(Data entries)
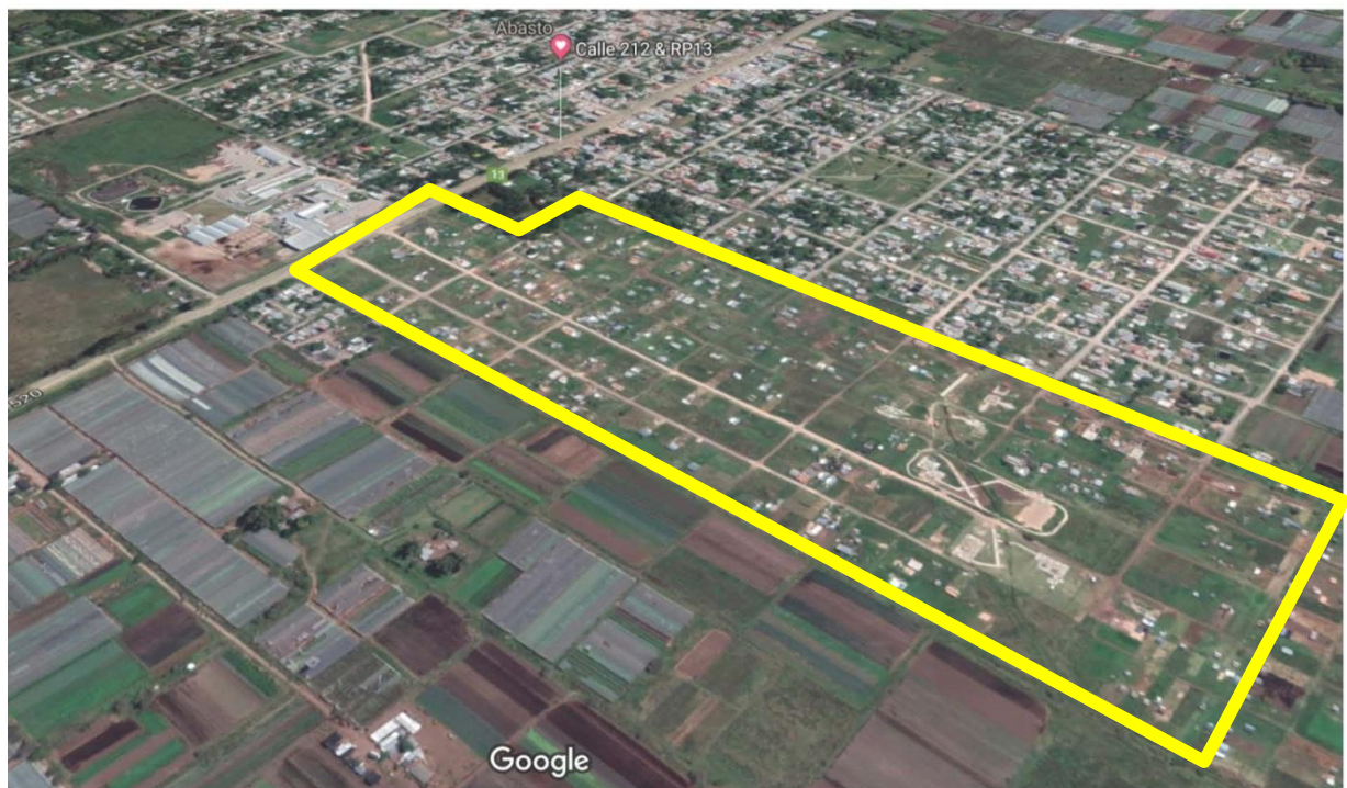
Figura 1- Google Earth- ubicación de la urbanización con el avance a 2019

Asimismo, la Provincia, a través de la Fiscalía de Estado, avanzó en el juicio expropiatorio, y le ha sido otorgada la posesión de los inmuebles, indispensable para llevar a cabo las obras de estudio, nivelación, mensura y posterior división de los lotes que serán la base de las viviendas familiares.
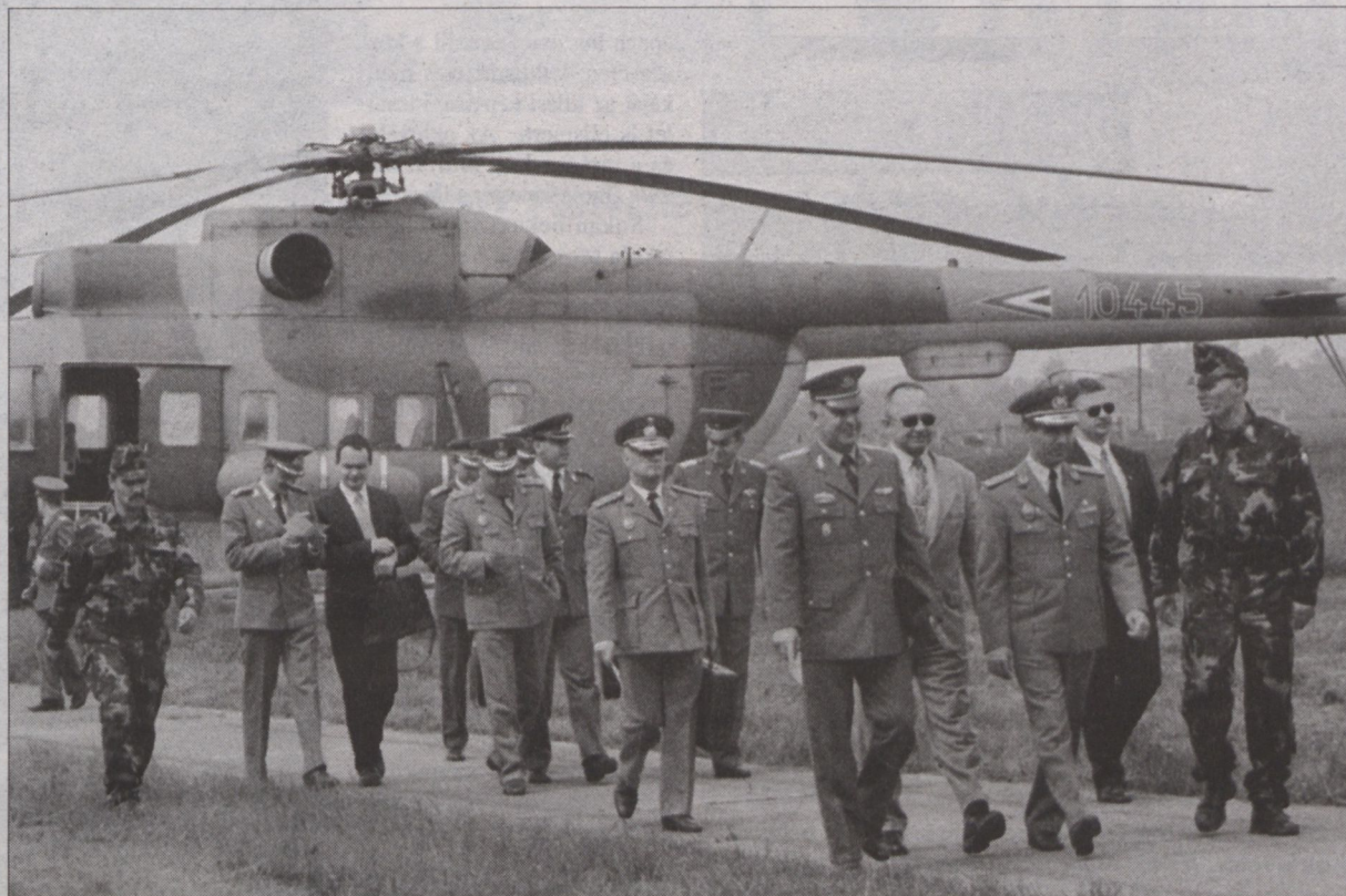
Szombaton délelőtt a magas rangú román-magyar katonai delegáció helikopterrel érkezett meg Vásárhelyre.
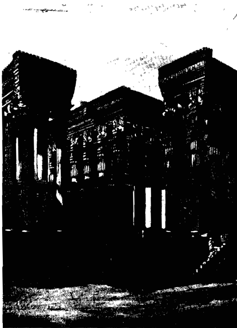
طالار قصر خشایارشا در پرسپولیس (تخت جمشید) در فارس در وقت آبادی از روی نقشه شیبیز

Hall of Audience of Xerxes at Persepolis (Restoration by Chipiez).
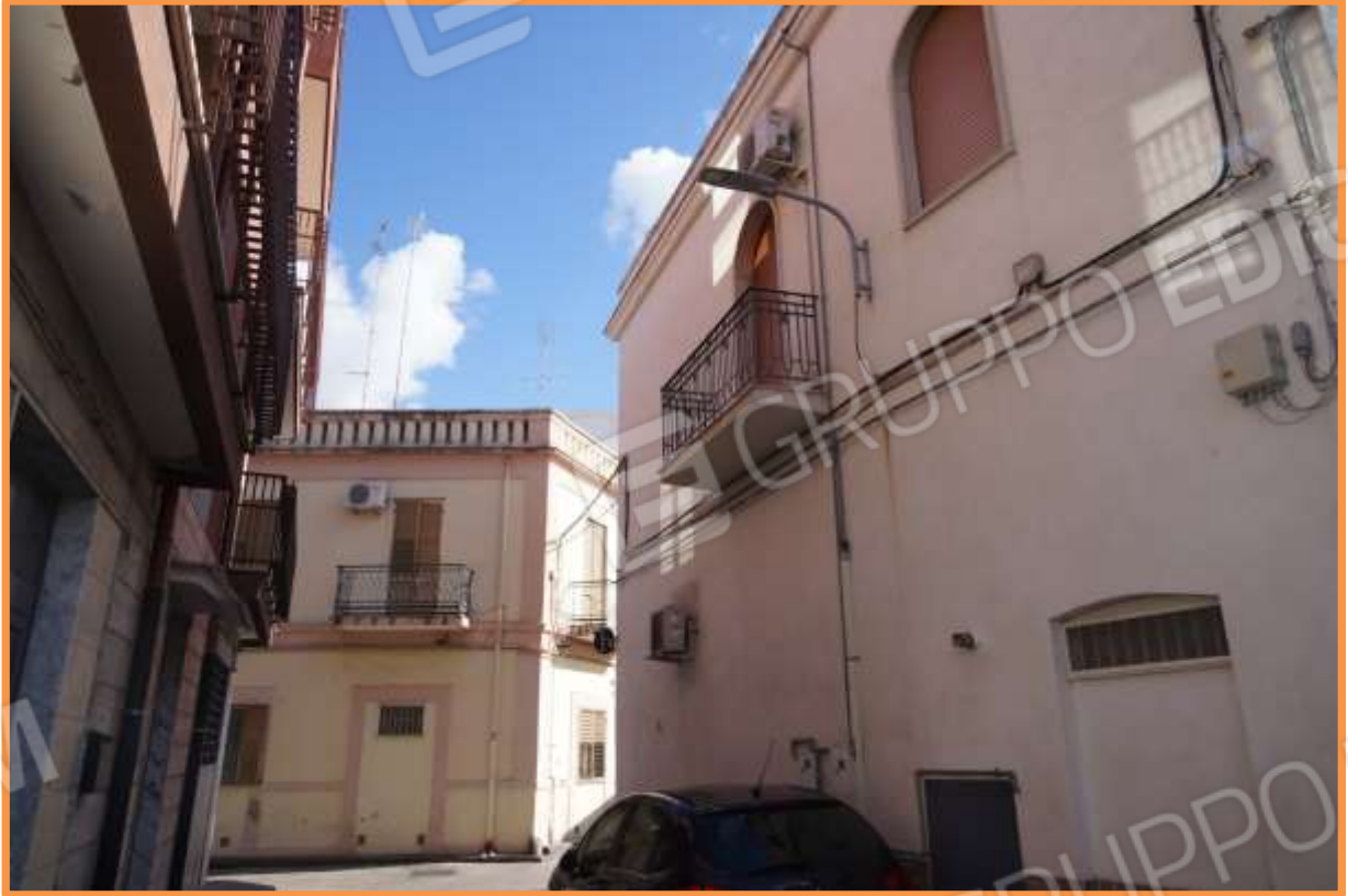
FOTO n° 4. Vista verso la direzione est del prospetto principale dell'edificio sulla via Delle Lame. Il bene staggito è sito al primo piano.
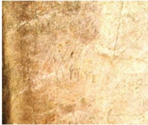
1. b. Intitulationes de iglesia superior de Las Gobas (Ap. Nº 2)
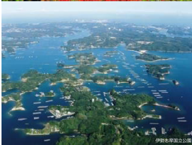
伊勢志摩国立公園
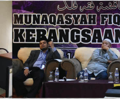
Munaqasyah Fiqh Falak Kebangsaan 2018 TH Hotel, Pulau Pinang 14 - 16 Ogos 2018
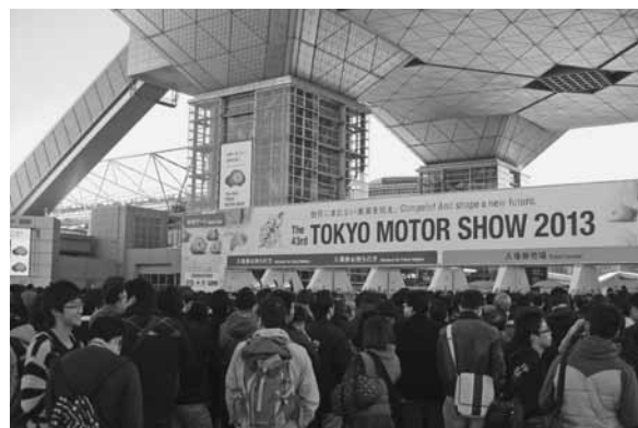
第43回東京モーターショー 2013

会場内には、今回のテーマに挙げられた「未来を競え」を具現化した場も設けられた。それが、近未来のモビリティ社会の姿を体感してもらうための「SMART MOBILITY CITY 2013」だ。「KURUMA NETWORKING…くらしに、社会に、つながるクルマたち」をテーマに、それをわかりやすく紹介した展示とともに具現化する最先端の製品や技術などを民間企業・関係諸団体が先進技術・製品のプレゼンテーションを行ったエキシビション、国内外の次世代自動車の試乗やITSを体験できるテストライド、国内外の専門家・企業経営者・技術者などが最先端の技術開発動向や具体的な導入事例を紹介したカンファレンスの3つで構成されていた。その中でも注目を集めていたのが、国内外の次世代モビリティの魅力を実験できるテストライドコーナーで、パーソナルモビリティや超小型モビリティの体験走行や高度運転支援システムのデモンストレーションを多くの来場者が体感。前方車両のナンバーを認識して自動的に追跡する追従走行、自動駐車など、クルマの新たな魅力に触れることで、近未来のモビリティ社会を身近に感じ取っていた。
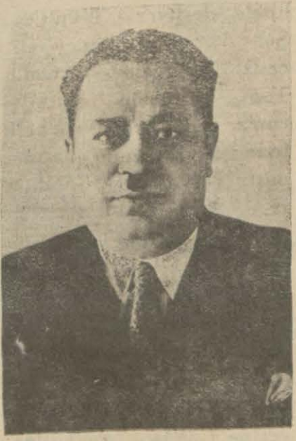
Tefvik Fikret bey Vilâyet kongresi ikinci kânununun 16 ncı çarşamba günü toplanacaktır.

Bu karara göre ocak kongraları 15 eylülde başlayarak 15 teşrinievvelde bitecektir. Nahiyeler 15 ikinci teşrinde, Kazalar 15 birinci kânunda kongralarını bitirmiş olacaklardır.
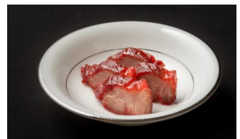
自家製 チャーシュー
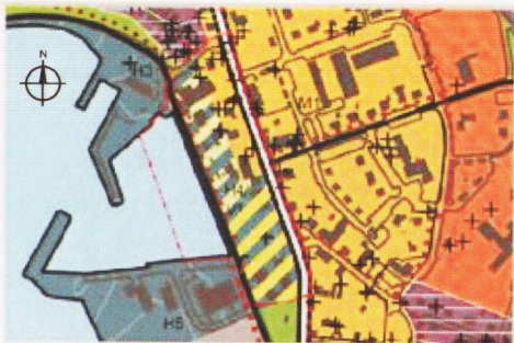
Breyting á aðalskipulagi Norðurlþingis 2010-2030 / Mkv. 1 : 10.000 [ - - - - - mörk deiliskipulags bætt við ]
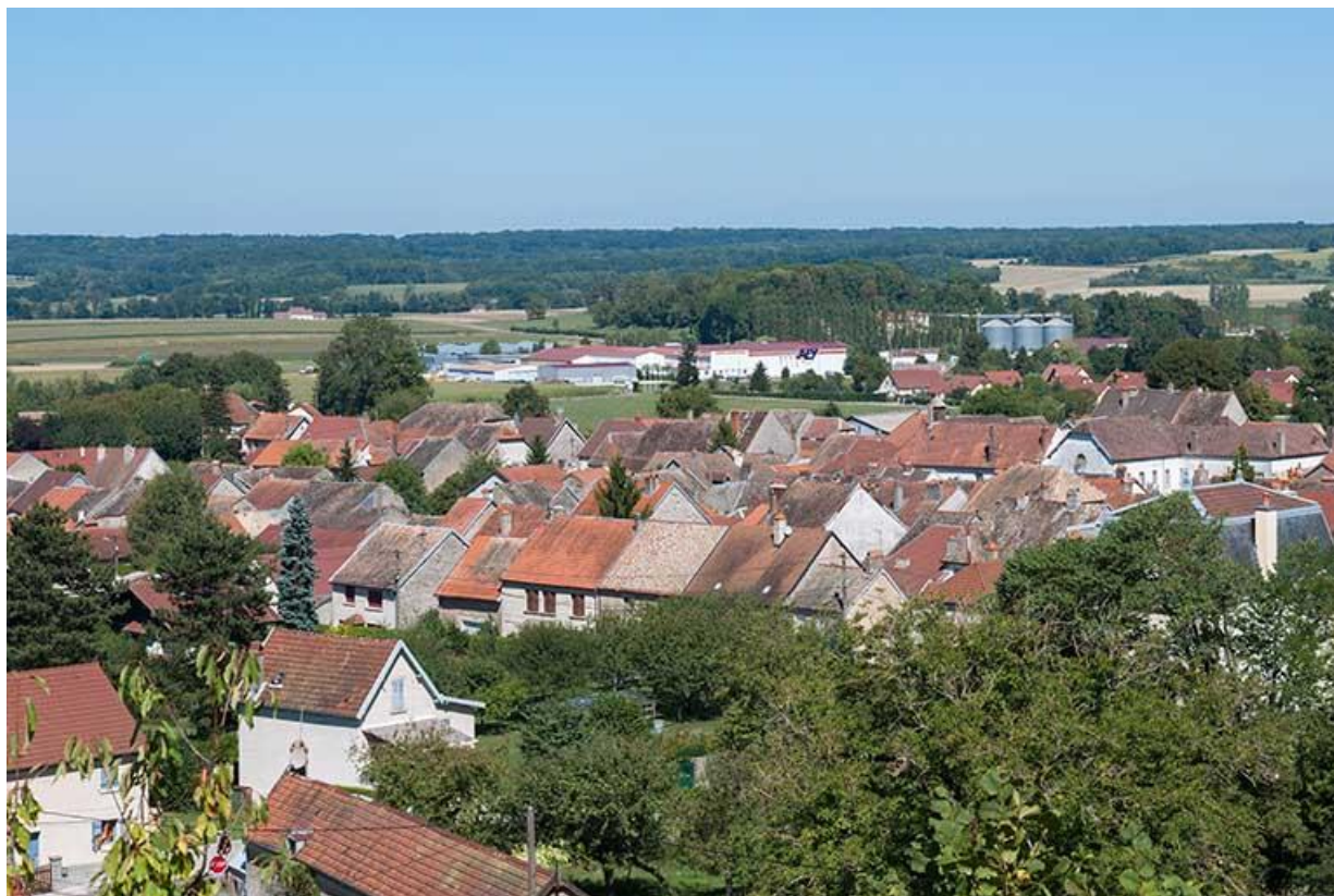
Vue des constructions de la partie basse de la ville 70, Gy

▶ **Work task**
Output a verbatim copy of the lines from the line containing "Bu karara göre" through the end of the data, both included, without any images.

▶ **Reply**
Bu karara göre ocak kongraları 15 eylülde başlayarak 15 teşrinievvelde bitecektir. Nahiyeler 15 ikinci teşrinde, Kazalar 15 birinci kânunda kongralarını bitirmiş olacaklardır.
自家製 チャーシュー
Breyting á aðalskipulagi Norðurlþingis 2010-2030 / Mkv. 1 : 10.000 [ - - - - - mörk deiliskipulags bætt við ]
Vue des constructions de la partie basse de la ville 70, Gy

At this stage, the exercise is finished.